Description
The book presents a collection of about seventy works that a couple of Turin collectors brought together during a passionate research on the recent iconography of the television in the visual arts, a legacy in particular of the hegemonic role assumed by the television imagery in today’s society.
The collection was born at the end of the eighties and reaches the present day with the particularity that no work has ever been commissioned directly to the artists. From the point of view of expressive languages, paintings, photographs, drawings, videos and small installations configure the monothematic complexity of the collection, which is counterpointed by the constellation of protagonists of the history of international contemporary art, such as Nam June Paik, Marcel Dzama, Tony Oursler, Joe Tilson, Euan Macdonald, Steven Meek, Martin Noll, Beate Spalthoff, Christian Rainer, Bob & Roberta Smith, Kocheisen Hullmann and William Klein. Alongside them are the exponents of Italian art, starting with the legendary canvases emulsified by Mario Schifano, dated at the end of the sixties, with which the film and television presence “glamorous” the clashes in the French May square. Going up the slope of the years, variants on the cathode box theme are collected offered by Ugo Nespolo, Salvo, Aldo Mondino, Bruno Zanichelli, Luigi Stoisa, Anna Comba, Giorgio Avigdor, Pierluigi Pusole, Ennio Bertrand, Maurizio Vetrugno, Santo Cinalli, Raffaello Ferrazzi, Fausto Gilberti, Enzo Gagliardino, Marco Nereo Rotelli, Giovanna Picciau, Flavio Favelli, Daniele Galliano, GEC, ConiglioViola, Nicus Lucà, Marzia Migliora, Margherita Morgantin, Gabriele Picco, Bostik, Sarah Bowyer, Maria Bruni, Laboratorio Saccardi, Marco Calò, Sergio Cascavilla, Ronald Victor Kastelic, Stefano Pisano, Enrico De Paris, Andrea Mandarino, Claudio Destito, Corrado Porchietti, Ruggero Cosentino di Rondè, Andrea Pozzato, Alessandro Rivoir, Jimmy Rivoltella, Ernesto Cretti, up to and including emerging young people such as Laurina Paperina, Ramona Vada , Ester Viapiano, Andrea Facco, Maria Domenica Rapicavoli, Sara Abbasian, Monica D’Alessandro, Fabio Giorgianni.
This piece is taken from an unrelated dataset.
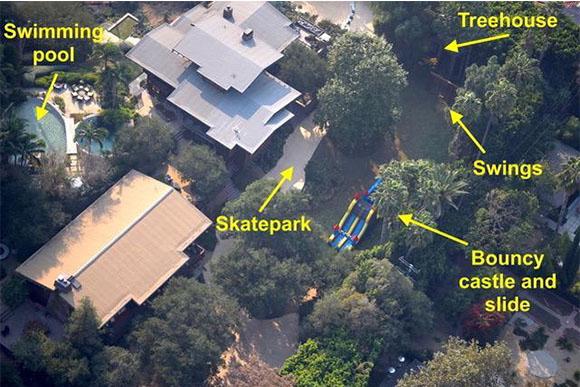 O astro de Hollywoood decidiu apelar e fazer uma mudança surpreendente em sua casa: transformou sua mansão em um parque de diversões: instalou uma enorme piscina, um castelo inflável com tobogã, uma rampa de skate, balanços e uma casa na árvore para que seus filhos se divirtam.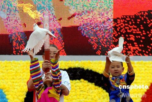 7月15日,奥运火炬在吉林松原传递,少数民族儿童在火炬手起跑前放飞白鸽。中新社发 廖攀 摄

Many works in the collection depict the television as the subject and object of personal and collective rituals, alongside interior views that give way to settings with clear sociological documentation on the use of the television instrument and at other times replicate in a parodic key the fiction transmitted by the tv / shadow box.
The collection interprets a moment of Italian artistic research which, in the mid-1980s, saw the emergence of a pictorial phenomenon called Medialism, with particular connotations in the Turin area. In the city where Arte Povera was born, two decades later a new pictorial generation grew up in the media sector. The most accredited exponents are all present in the collection with works that are among the most representative of the movement, starting with the pioneering triad composed of Zanichelli, Ferrazzi (now legendary for their promising career that was prematurely interrupted), and Pusole, the only “witness” to his death team and the first young Turin artist to cross the pavilions of the Venice Biennale in June 1990 and with whom Medialism was officially consecrated. To the patrol of the “magnificent three”, who for their training and research turned to the television tool without any academic mediation but passing through fanzines, advertising, urban writing and underground music, are added the signatures of Pisano, De Paris , Cascavilla and Kastelic. As a natural evolution, the television is very often interpreted as a means that communicates not so much and not only images, but also moods, anguish, loneliness and lack of communication, as well as witnessing social episodes and moments of denunciation, up to the point of composing a representation of the family environment, quiet but full of unknowns, as narrated by the works of Laura MacCafferty and Caroline Walker.